I'm not sure where I got it. Wally World or the hardware store. If you don't care for pink, I've seen several shades of green, red, blue, yellow & orange. I originally bought it to put on my black luggage to distinguish it from all the other black luggage on the airport carousel.


----------



## BeckysBarn (Dec 3, 2009)

jimhudson said:


> Great report, thanks! Love the pink duct tape, how was taking a shower on this train, was the water hot, rest of the car warm or cold? Sounds like the SCA needs a vacation, the manifest must have frozen shut when he was boarding the new pax that were a day early! :lol:
> Hope next year comes early for you, as the _traveler says it's always time for a trip!!
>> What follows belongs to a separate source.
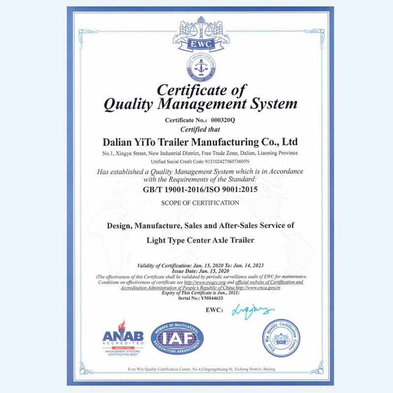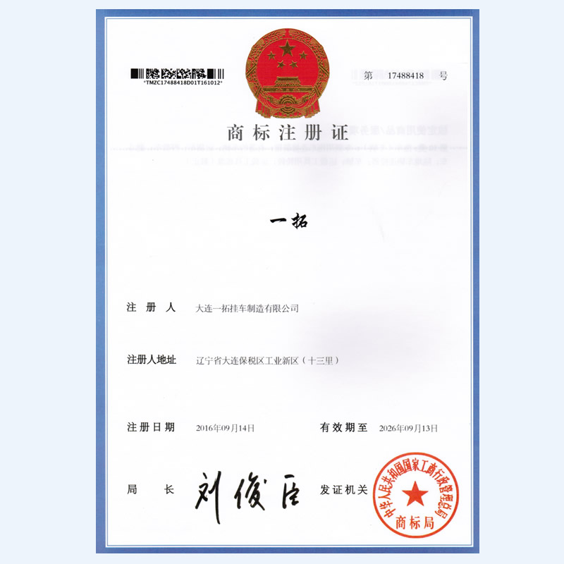 大連一拓掛車制造有限公司,地處遼寧省大連保稅區十三里工業新區興業街1號,公司占地45000m㎡,總建筑面積24000㎡,現有生產、檢測、研發設備100余臺套,擁有自動化程度很高的機器人焊接生產線。大連一拓掛車制造有限公司成立于2013年,是一家具備國家工信部專用車生產資質企業,致力于乘用車掛車的設計和生產,主要產品有:平板板式輕型中置軸掛車、欄板式輕型中置軸掛車、廂式輕型中置軸掛車、特種結構式輕型中置軸掛車,并承接各種用途輕型中置軸掛車設計等業務。公司秉承“銳意進取,開拓創新,精益求精,誠信共贏”的運營理念,竭誠為您服務。

The shower was perfect - because I learned to take one during the longer stops. The water was hot. I heard others complain about their rooms being cold. Anyone I heard, I offered the duct tape solution. Some looked at me like I was nuts and/or defacing public property.  The rest were very greatful.


----------



## GG-1 (Dec 3, 2009)

BeckysBarn said:


> pennyk said:
> 
> 
> > Good report. Thanks. I, too, love the pink duct tape. Where did you buy it?
> ...


Aloha

When I worked the tour of Ice Capades we would buy a full year supply of all 16 colors from New York Hardware. They were within Walking distance of Madison Square Garden in 1976. Think the number of rolls we bought was 100 with multiple rolls of some colors. This is how we fixed small rips in the scenery during a performance until the flats or curtains could be repaired properly.

One Scenery piece that ripped so often got some of the duck tape sown on because this piece ripped almost every show in the same place. the following year after my tour the same piece of scenery had the patch still sown on and it was still flexible.

There is a book about 101 uses of duck tape, in theater there are at least 500 uses But I think a warning is in order, the cheep Duck tapes leave a residue behind, and may damage the surface they are applied to. The Cheap tape is usually shiny, while the good cloth tapes are usually flat, non reflective.

Unfortunately the only suppliers of the good stuff I know about, wont sell in quantities less than case quantities. If there is a theatrical supply house near you they frequently sell by rolls. In quantity the good stuff runs about 6 dollars and by the roll about 10 dollars.


----------



## Chi_Train_Fan (Dec 8, 2009)

I enjoyed your trip report and was interested by passengers boarding the CZ one day early. Thank you for sharing!


----------